**YOUR TASK**
Write out the data that follows exactly, keeping every picture out.
*** RECORDS
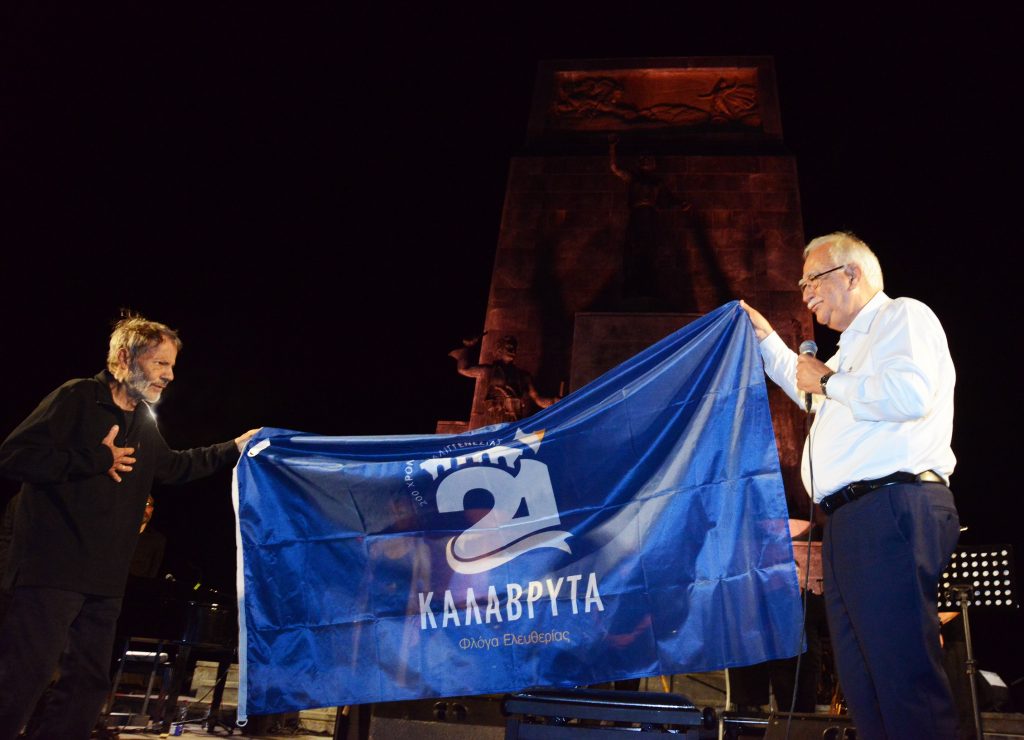 Νωρίτερα ο Δήμαρχος Καλαβρύτων καλωσορίζοντας τον Σταύρο Ξαρχάκο είχε επισημάνει ότι «ο Ξαρχάκος με την μουσική του εξυμνεί τον άνθρωπο. Εξυμνεί με το έργο του την Ελευθερία. Μας θυμίζει -κάθε φορά που ο ήχος από ένα τραγούδι του φτάνει στα αυτιά μας ή περνά απ’ τα χείλη μας- ότι αυτή η χώρα κι αυτός ο λαός όσα δεινά κι αν περάσουν δεν πρόκειται να λυγίσουν».
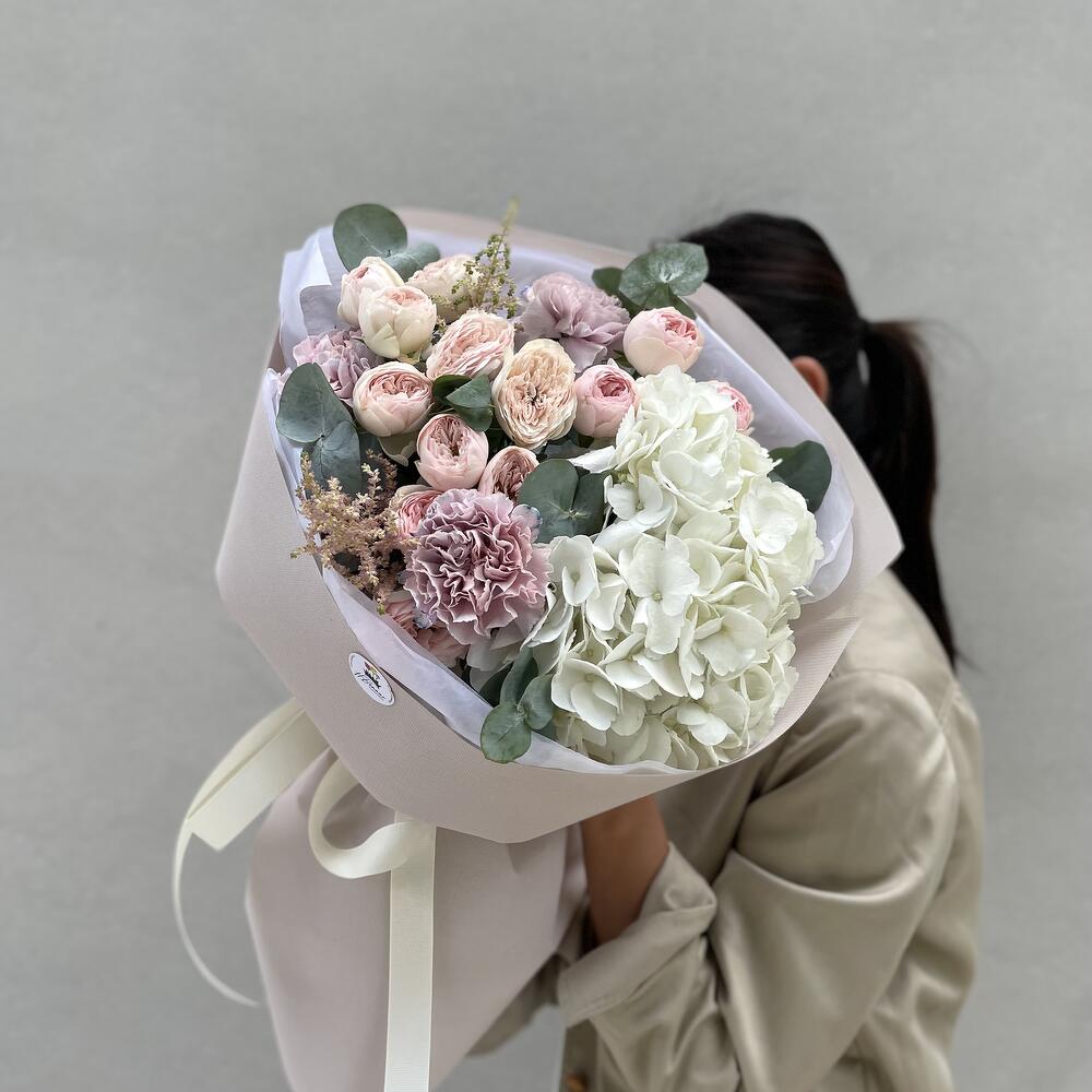 Гортензия – 1 шт. пионовидные спрей роза – 5 шт. гвоздика эксклюзивная – 3 шт. Астильба – 2 шт. Эвкалипт – 2 шт.
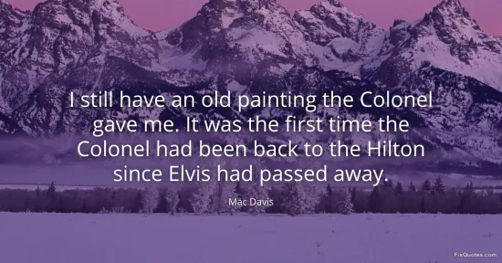 Davis, Mac. "I still have an old painting the Colonel gave me. It was the first time the Colonel had been back to the Hilton since Elvis had passed away." FixQuotes. January 15, 2026. https://fixquotes.com/quotes/i-still-have-an-old-painting-the-colonel-gave-me-153782/.
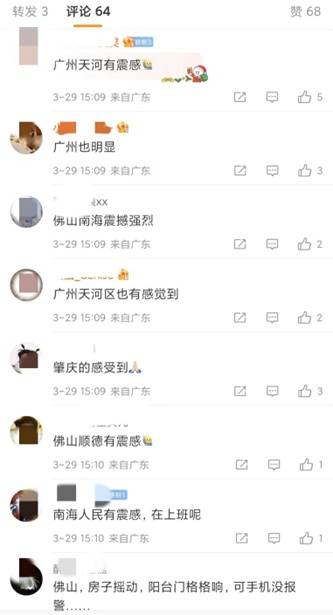 随即,“佛山地震”“广州震感”等相关话题在社交平台引起讨论,佛山禅城区、南海区,东莞、广州等地网友表示,震感明显。
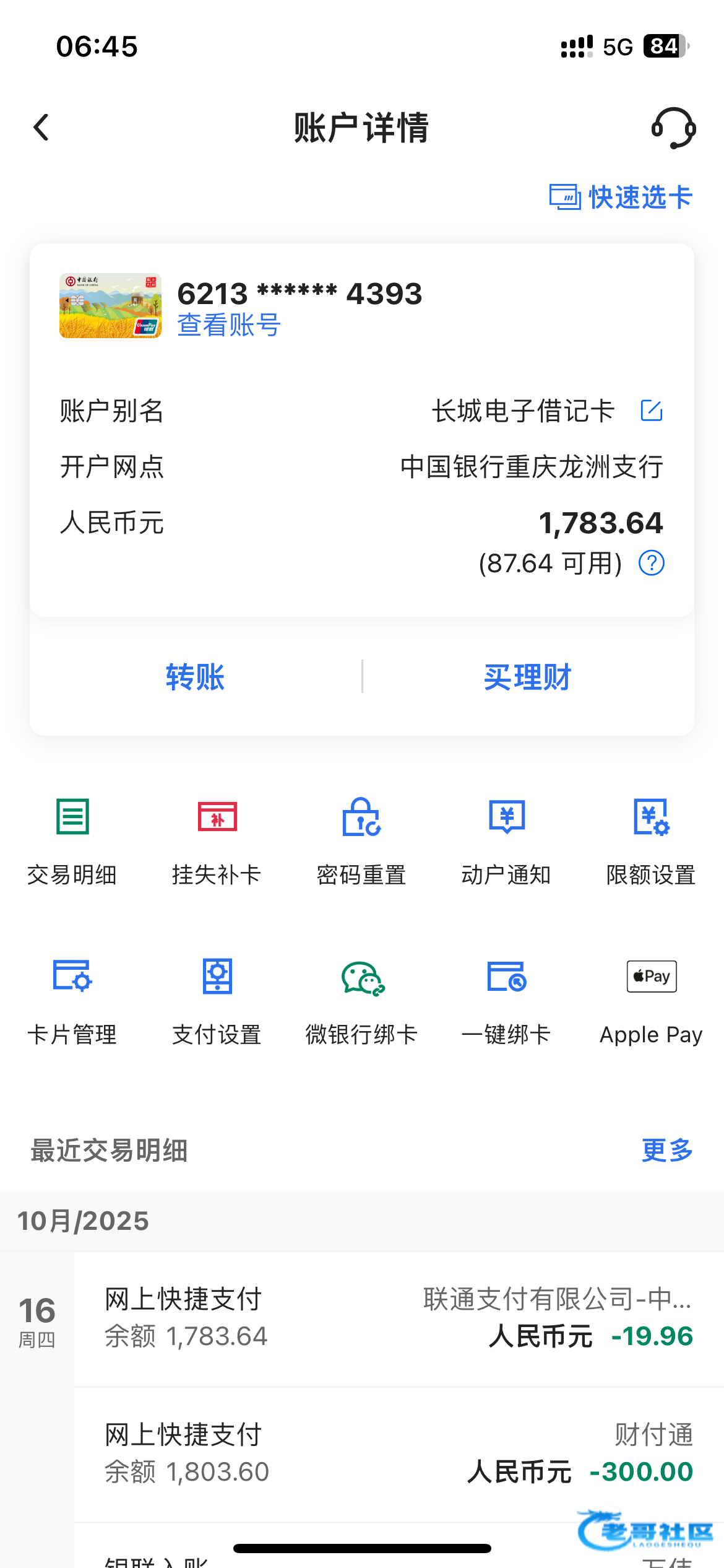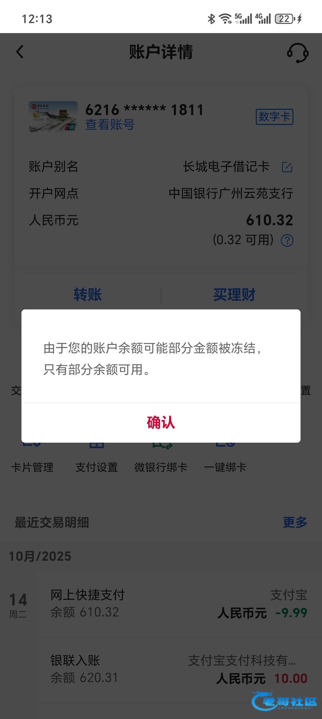 下了610下来,然后显示部分余额不可用,但是卡状态是正常的,没被冻结
******
**RESULT BELOW**
 Νωρίτερα ο Δήμαρχος Καλαβρύτων καλωσορίζοντας τον Σταύρο Ξαρχάκο είχε επισημάνει ότι «ο Ξαρχάκος με την μουσική του εξυμνεί τον άνθρωπο. Εξυμνεί με το έργο του την Ελευθερία. Μας θυμίζει -κάθε φορά που ο ήχος από ένα τραγούδι του φτάνει στα αυτιά μας ή περνά απ’ τα χείλη μας- ότι αυτή η χώρα κι αυτός ο λαός όσα δεινά κι αν περάσουν δεν πρόκειται να λυγίσουν».
 Гортензия – 1 шт. пионовидные спрей роза – 5 шт. гвоздика эксклюзивная – 3 шт. Астильба – 2 шт. Эвкалипт – 2 шт.
 Davis, Mac. "I still have an old painting the Colonel gave me. It was the first time the Colonel had been back to the Hilton since Elvis had passed away." FixQuotes. January 15, 2026. https://fixquotes.com/quotes/i-still-have-an-old-painting-the-colonel-gave-me-153782/.
 随即,“佛山地震”“广州震感”等相关话题在社交平台引起讨论,佛山禅城区、南海区,东莞、广州等地网友表示,震感明显。
 下了610下来,然后显示部分余额不可用,但是卡状态是正常的,没被冻结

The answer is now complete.